PROBLEM TO WORK ON
Starting with the line that contains "#: | JTDKB20U857045994 |", repeat exactly every line through the last one in the records below, and leave out the pictures.

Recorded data
-*-*-

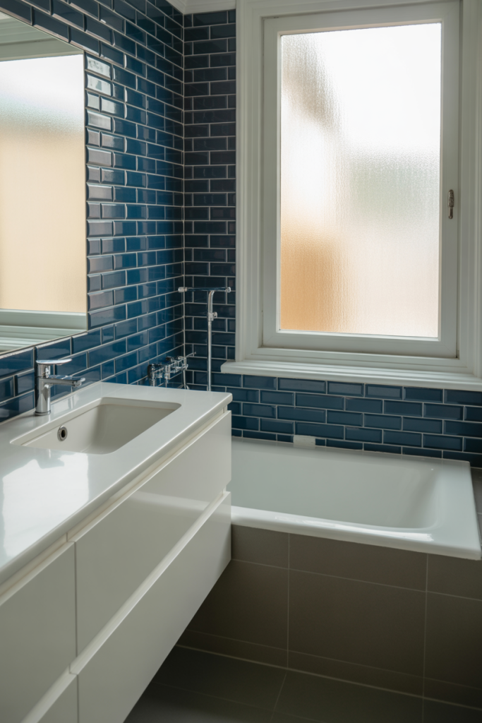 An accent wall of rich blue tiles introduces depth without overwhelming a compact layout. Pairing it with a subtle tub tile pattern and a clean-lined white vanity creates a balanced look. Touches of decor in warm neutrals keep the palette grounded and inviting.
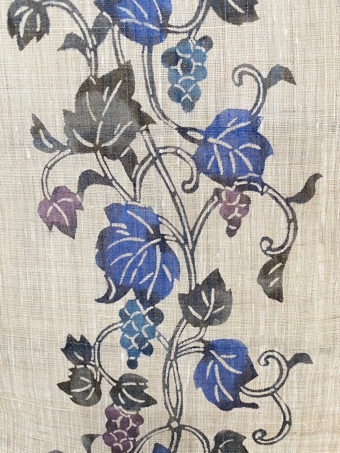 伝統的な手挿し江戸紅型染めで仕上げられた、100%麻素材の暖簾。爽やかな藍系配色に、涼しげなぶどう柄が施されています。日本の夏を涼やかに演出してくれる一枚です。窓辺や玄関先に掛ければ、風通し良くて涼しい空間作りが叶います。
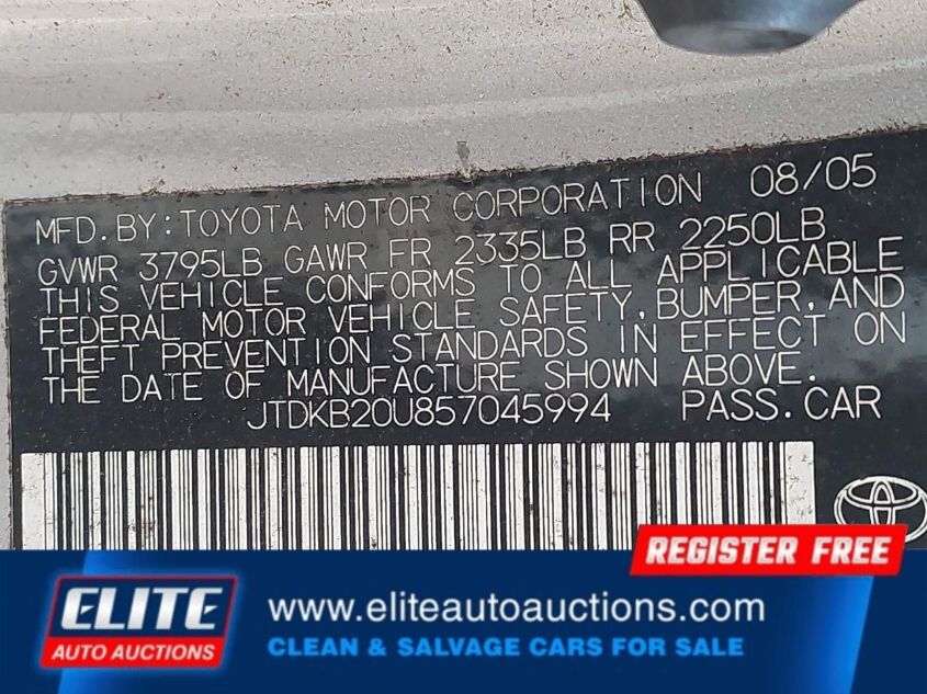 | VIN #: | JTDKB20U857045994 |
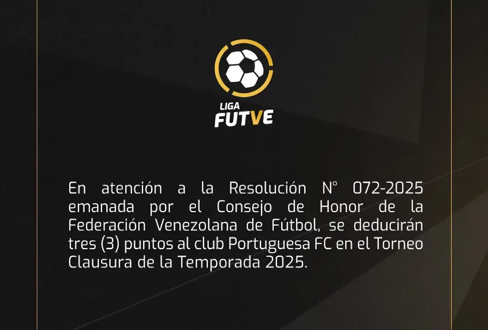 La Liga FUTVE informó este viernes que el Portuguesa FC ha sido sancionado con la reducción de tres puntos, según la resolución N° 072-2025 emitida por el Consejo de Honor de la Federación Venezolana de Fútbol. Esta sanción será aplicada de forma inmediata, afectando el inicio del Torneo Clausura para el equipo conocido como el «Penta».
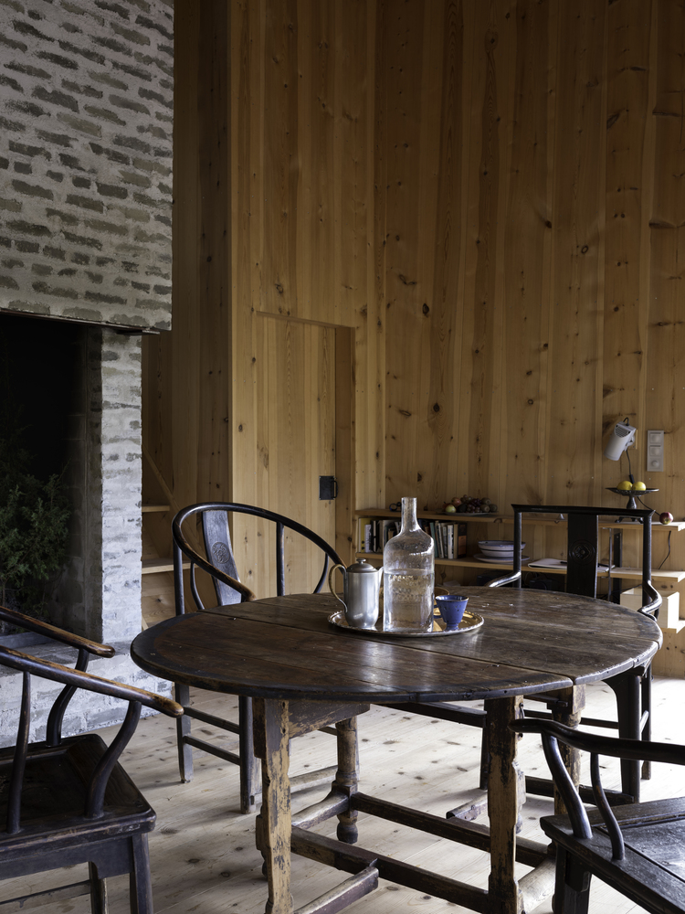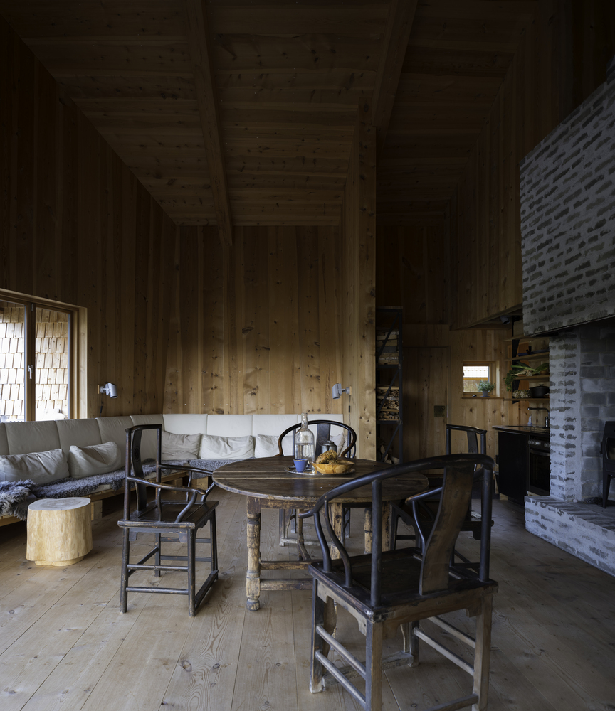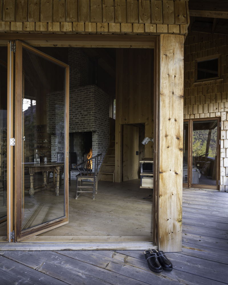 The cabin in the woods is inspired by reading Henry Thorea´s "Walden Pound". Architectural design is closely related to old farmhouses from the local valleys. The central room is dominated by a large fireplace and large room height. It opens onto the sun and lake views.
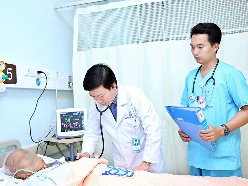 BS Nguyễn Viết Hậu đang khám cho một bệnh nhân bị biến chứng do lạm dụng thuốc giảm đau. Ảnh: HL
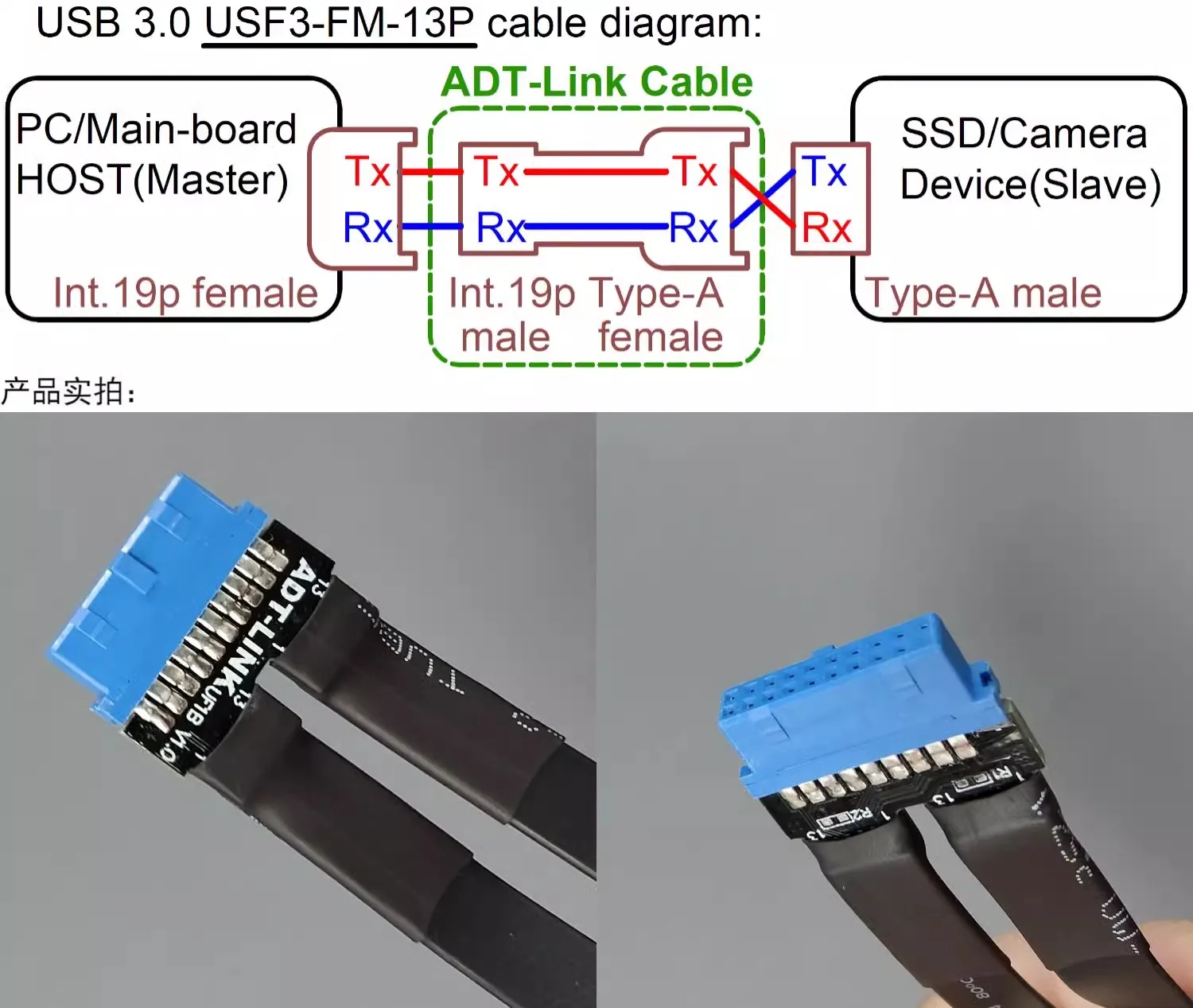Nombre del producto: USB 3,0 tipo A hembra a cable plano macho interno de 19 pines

-*-*-

TASK ANSWER
 | VIN #: | JTDKB20U857045994 |
 La Liga FUTVE informó este viernes que el Portuguesa FC ha sido sancionado con la reducción de tres puntos, según la resolución N° 072-2025 emitida por el Consejo de Honor de la Federación Venezolana de Fútbol. Esta sanción será aplicada de forma inmediata, afectando el inicio del Torneo Clausura para el equipo conocido como el «Penta».
 The cabin in the woods is inspired by reading Henry Thorea´s "Walden Pound". Architectural design is closely related to old farmhouses from the local valleys. The central room is dominated by a large fireplace and large room height. It opens onto the sun and lake views.
 BS Nguyễn Viết Hậu đang khám cho một bệnh nhân bị biến chứng do lạm dụng thuốc giảm đau. Ảnh: HL
Nombre del producto: USB 3,0 tipo A hembra a cable plano macho interno de 19 pines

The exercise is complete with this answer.